INCLUDE=RULEBASE_ID=n specifies the rulebase ID to use when answering a SPARQL query. This query option will override any rulebase configuration defined at the SPARQL Service endpoint.
INF_ONLY causes only the inferred triples/quads to be queried.
JENA_EXECUTOR disables the compilation of SPARQL queries to the RDF Graph feature; instead, the Apache Jena native query executor will be used.
JOIN_METHOD={nl, hash} specifies how query patterns in a SPARQL query can be joined, either a nested loop join (nl) or hash join (hash) method can be used. For more information, see JOIN_METHOD option.
ORDERED specifies that query patterns in a SPARQL query should be executed in the same order as they are specified.
TIMEOUT=n (query timeout) specifies the number of seconds (n) that the query will run until it is terminated. The underlying query execution generated from a SPARQL query can return many matches and can use features like sub-queries and assignments, all of which can take considerable time. The TIMEOUT and BEST_EFFORT_QUERY=t options can be used to prevent what you consider excessive processing time for the query.

JOIN_METHOD option

A SPARQL query consists of a single (or multiple) query patterns, conjunctions, disjunctions, and optional triple patterns. The RDF Graph feature processes triple patterns in the SPARQL query and executes join operations over their partial results to retrieve query results. The RDF Graph feature automatically analyzes the received SPARQL query and determines an execution plan using an efficient join operation between two query row sources (outer and inner, left or right). A query row source consists of a query pattern or the intermediate results from another join operation.

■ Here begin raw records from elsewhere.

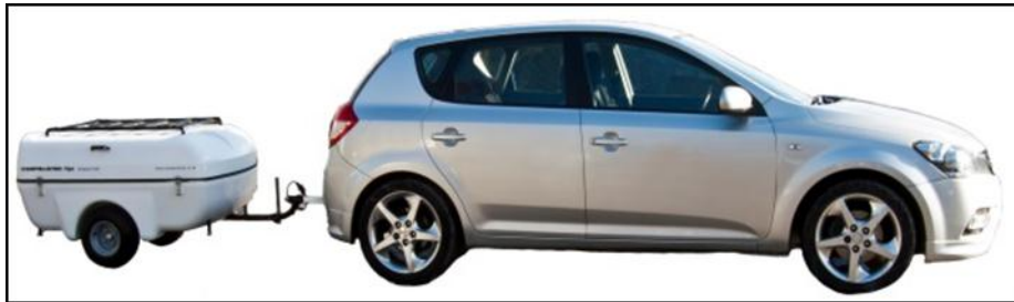
MODERN LOW PROFILE LIGHTWEIGHT TRAILER FOR TOWING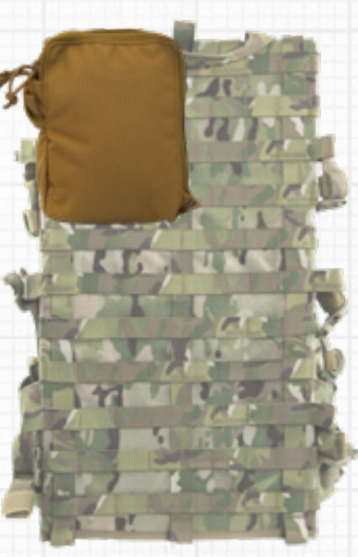
ONE-SIXTH Fraction Pouch ™ 6.5"x 7.5"x 3.5"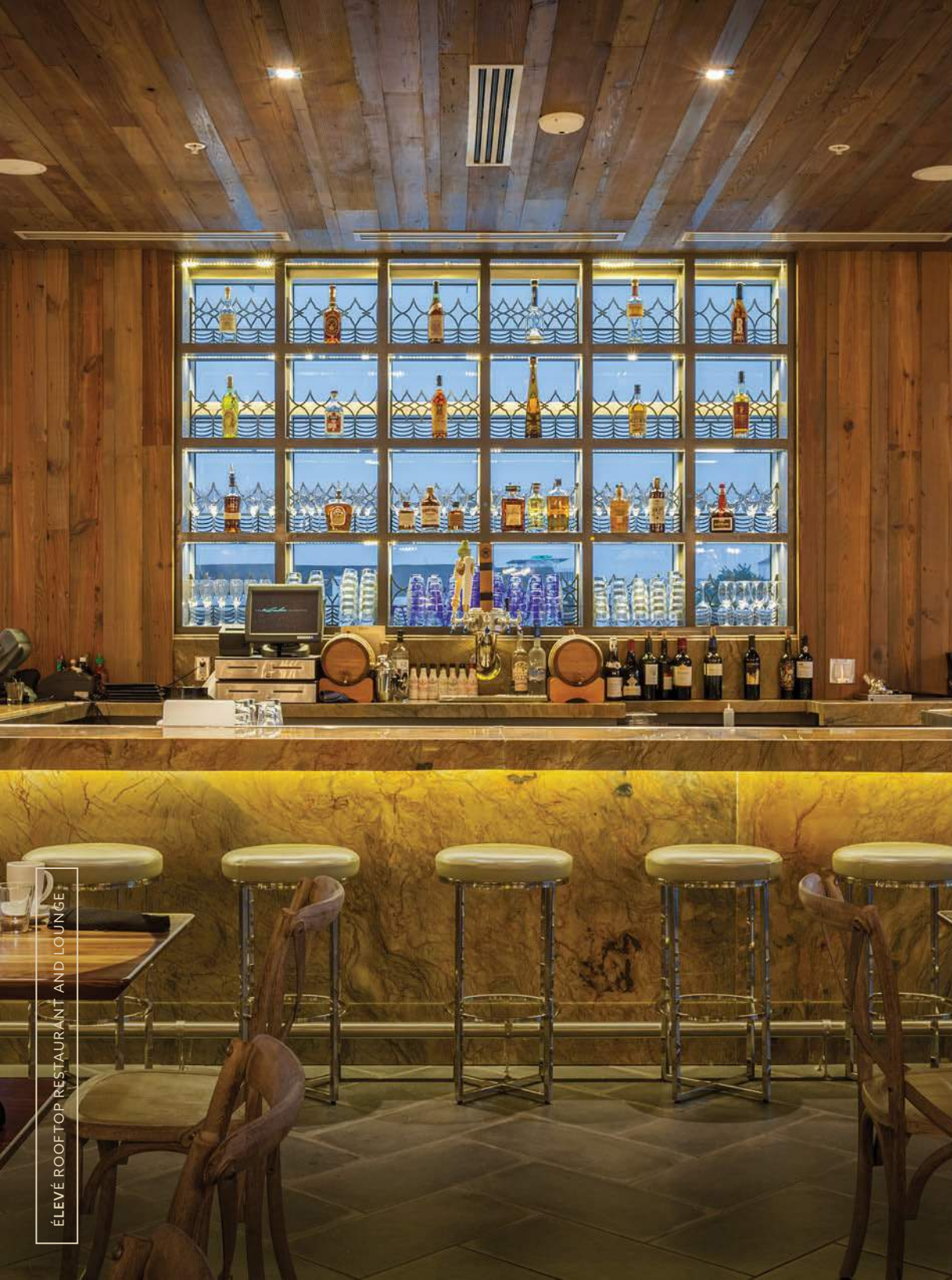
ÉLEVÉ ROOFTOP RESTAURANT AND LOUNGE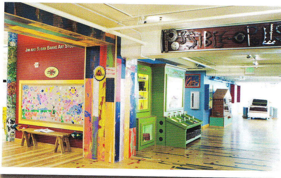
The Possibleopolis exhibit at the Madison Children's Museum offers an interactive environment celebrating creativity and invention.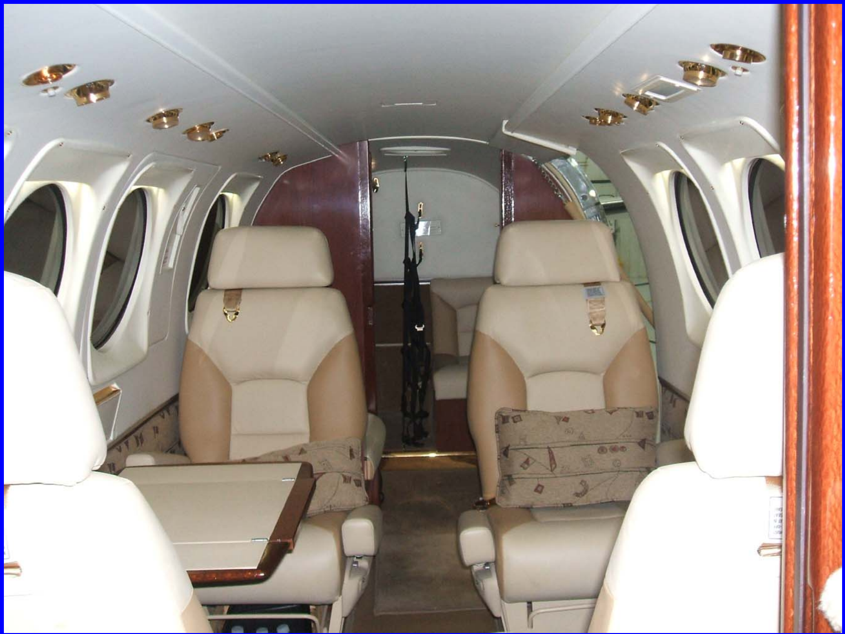
Specifications are preliminary and are subject to verification by purchaser Engine and Airframe times are current as of February, 2011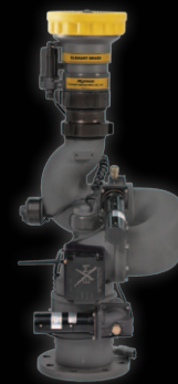
SCORPION™ EXM – PAGE 2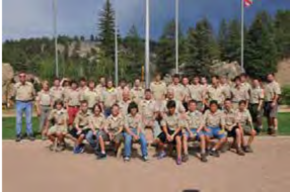
BSA Troop 533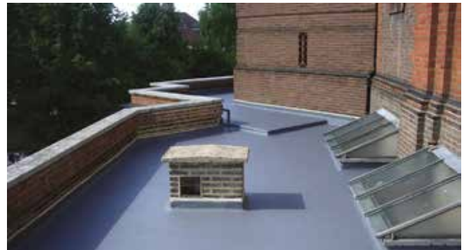
Intercrete 4885 is a single pack product, meaning no complex mixing on site

Problem: Ponded water on roofs can be a breeding ground for microorganisms and other bacteria. This can be particularly problematic where the roof is protecting a sensitive environment such as a hospital or school.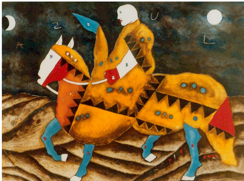
Caballito, Javier Arevalo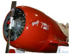
Jack Reed prepares for first Buddy-Box Flight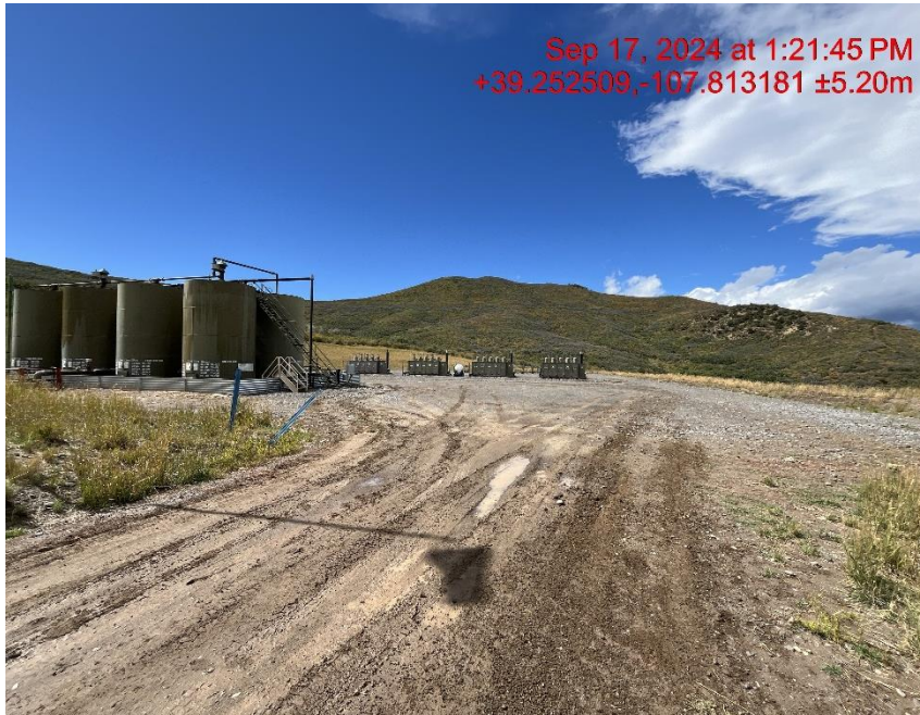
Entrance to location - Photo #05823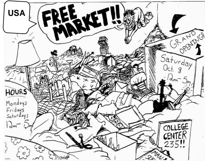
[Adapted from FOCUS Economics Grade 11 , Maskew Miller Longman]

By this he meant that although it seems there is someone making very efficient choices and decisions to make the economy run effectively, it is actually just what happens naturally when a number of people act as consumers in a market.”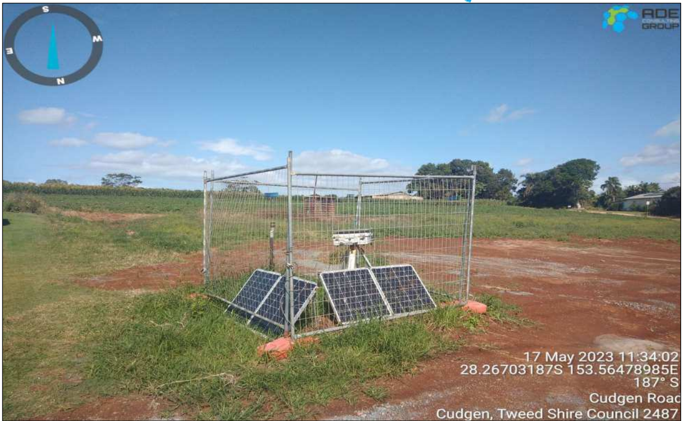
Photograph 3: Representative photograph of monitoring location 007 – Residential, as observed 17/05/2023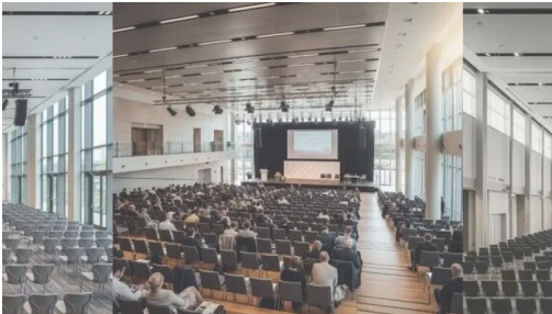
IELTS LISTENING – Conference Centre S36T1 July 11, 2025 In "IELTS Listening"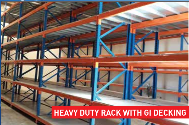
HEAVY DUTY RACK WITH GI DECKING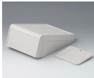
B4056317 UNITEC M, 0.06/0.06 ABS (UL 94 HB) off-white RAL 9002 5.83"x8.27"x3.15" IP 40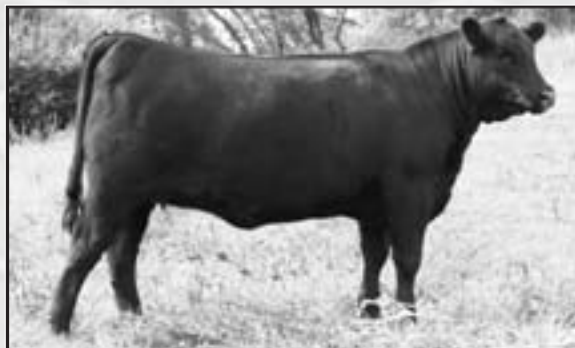
Dreamy 280 Erroline 817 - Lot 32

Dennis and Patrick Schlimgen 2792 Cave of the Mounds Rd. Blue Mounds, WI 53517 Dennis (608) 575-6848 Patrick (608) 575-7101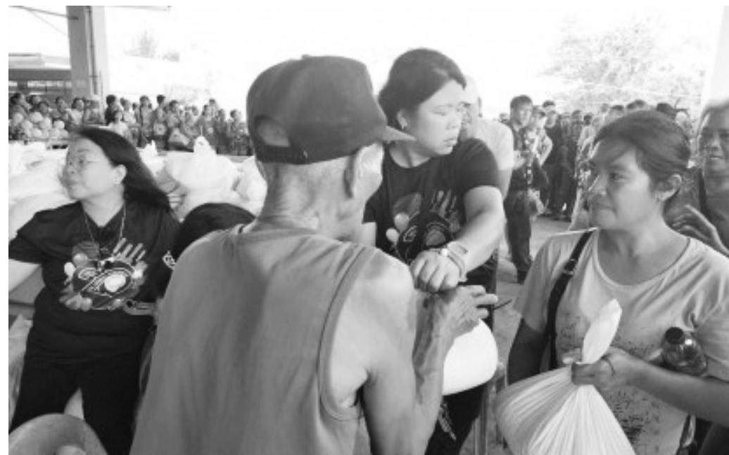
CHEAPER RICE. Buyers queue to avail of well-milled rice sold at PHP20/kilo as a promotional rate during the formal opening of the San Miguel Public Market and Farmers Bagsakan Complex (SMPM-FBC) on Wednesday (May 1, 2024). The complex will consolidate products from 10 Bayanihan Tipon Centers in Panay for distribution to buyers.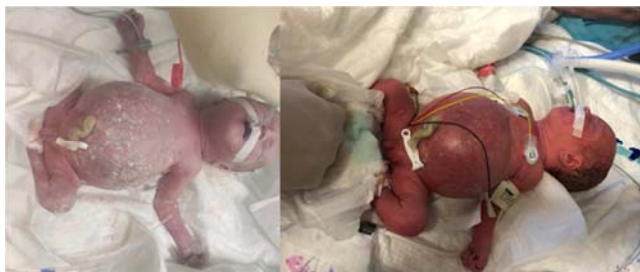
Figure 4. Appearance of a newborn G. at 1 minute after birth and 2 hours later (from left to right).

(according to the severity of the condition in a horizontal position): a significant increase in the volume of the abdominal cavity with a high standing of the domes of the diaphragm, a small amount of air in the stomach and the initial sections of the intestine, multiple calcifications in the abdominal cavity (Figure 6).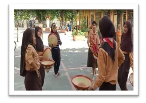
Figure 7. Dance Exploration

Students are able to develop the existing moves into a variety of moves. Basic moves are developed into various moves. All moves are varied through energy changes, for example, sharp or soft, strong or weak. The moves are explored into tight or loose moves, free flow or balanced. Students are able to make changes in moves with various dynamics.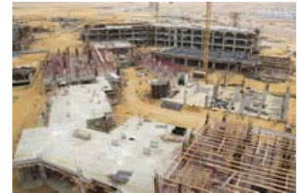
SCHOOL OF SCIENCE AND ENGINEERING (Under Construction Winter 2006)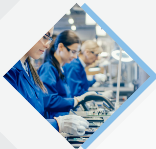
Tools, jigs & fixtures for electronics industry

Ultrasint® PA11 ESD is the optimal material for the production of individualized ESD-safe prototypes, tools, and small series parts.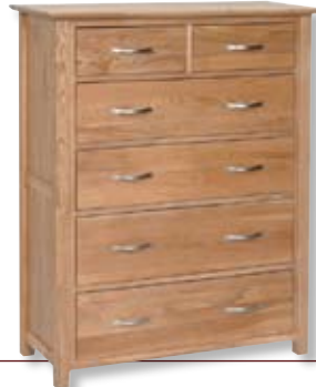
NC80 2 over 4 Combination H 1240mm (48½"); W 978mm (38½"); D 425mm (16¾")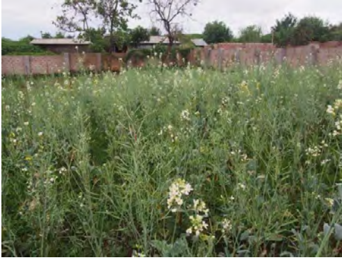
Photo 7. The seed production of Chinese kale.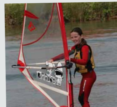
Windsurfing at Manley Mere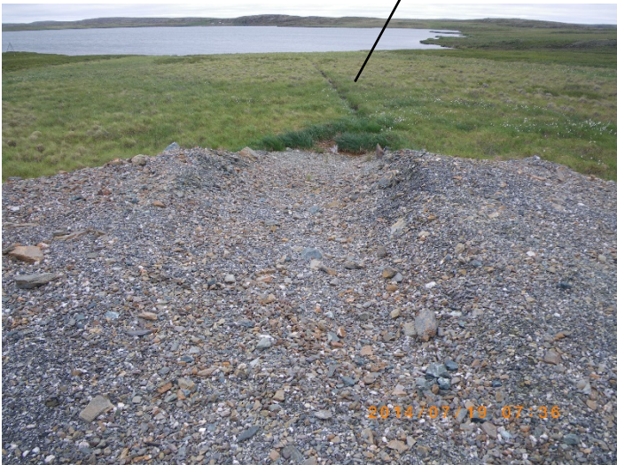
The Boardwalk was removed in 2012 – looking south from the south end of the Airstrip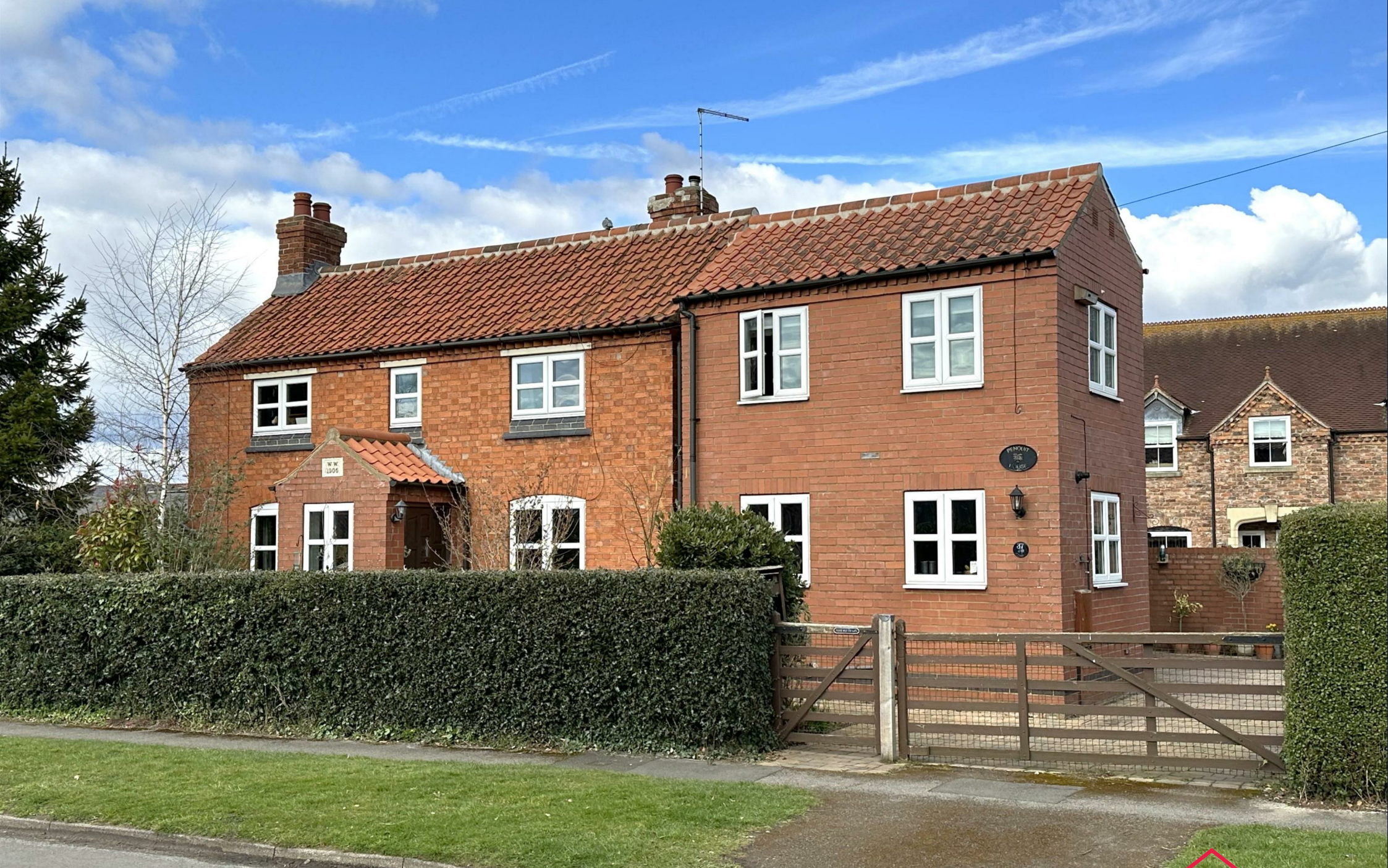
Penquit House, Woodhill Road, Collingham, Newark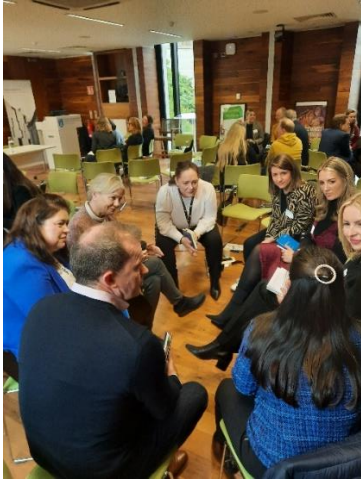
TCPID Business Partners working in groups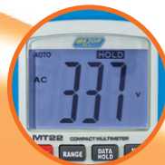
2000 Count Backlit LCD Display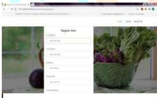
v.iii. Registration of User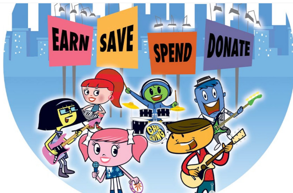
Figure 1. The Cha-Ching band teaches fundamental money management concepts. Adopted from "Cha-Ching financial literacy for children," by Prudential Corporation Asia, 2020. Copyright 2020 by Prudential Corporation Asia. Reprinted with permission.

Before the launch of the program, Prudential conducted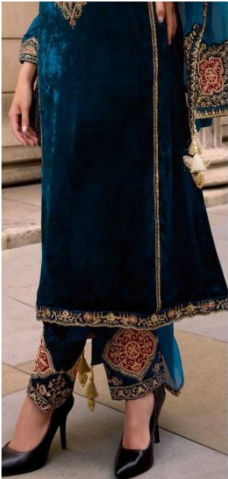
IBIZA D.no: 18005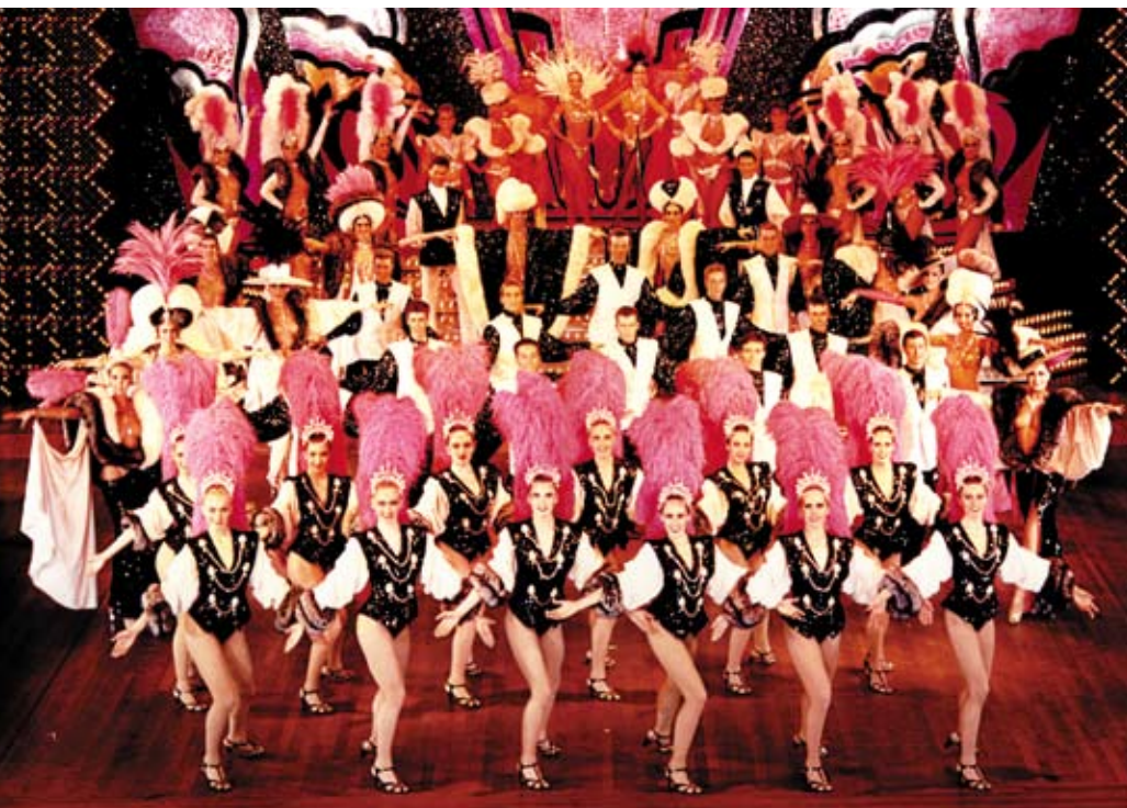
Spectacular Lido Show - Paris

After a buffet breakfast, get set to experience the Disney Magic as you visit Eurodisney - where dreams come to life.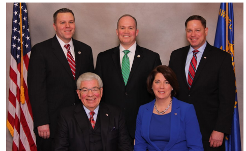
Delaware County Council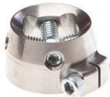
1705T Rotating Receiver Clamp Ti – 136kg/300lbs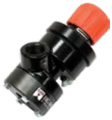
PN: 888-2149-500PB APV BIG-BORE™ METERING VALVE W/TUNGSTEN CARBIDE SLEEVE (PIPE NIPPLE NOT INCLUDED)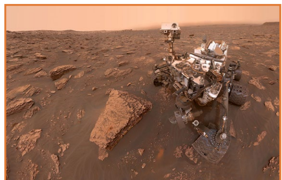
A self-portrait taken by NASA's Curiosity rover.

radiation – Energy emitted by the Sun, some of which is dangerous to humans when not absorbed by the atmosphere of a planet.

However, you can use the JOIN_METHOD option that uses the RDF Graph feature to specify which join operation to use in SPARQL query execution. For example, assume the following query:

PREFIX ORACLE_SEM_FS_NS:<http://oracle.com/semtech#JOIN_METHOD=NL>
SELECT ?subject ?object ?grandkid 
WHERE {
?subject <u:parentOf>  ?object   .
?object  <u:parentOf>  ?grandkid .
}

In this case, the join method to use will be set to nested loop join. The first (outer) query portion of this query (in this case query pattern ?subject u:parentOf> ?object), is executed against the Oracle NoSQL Database. Each binding of ?object from the results is then pushed into the second (inner) query pattern (in this case ?object <u:parentOf> ?grandkid), and which in turn is then executed against the Oracle NoSQL Database. Note that nested loop join operations can be executed only if the inner row source is a query pattern.

If the join method to use is set to hash join, both the outer row source and inner row source of this query will be executed against the Oracle NoSQL Database. All results from the outer row source (also called the build table) will be stored in a hash table structure with respect to its binding of ?object, as it is a common variable between the outer and inner row sources. Then, each binding of ?object from the inner row source (also called the probe table) will be hashed and matched against the hash data structure.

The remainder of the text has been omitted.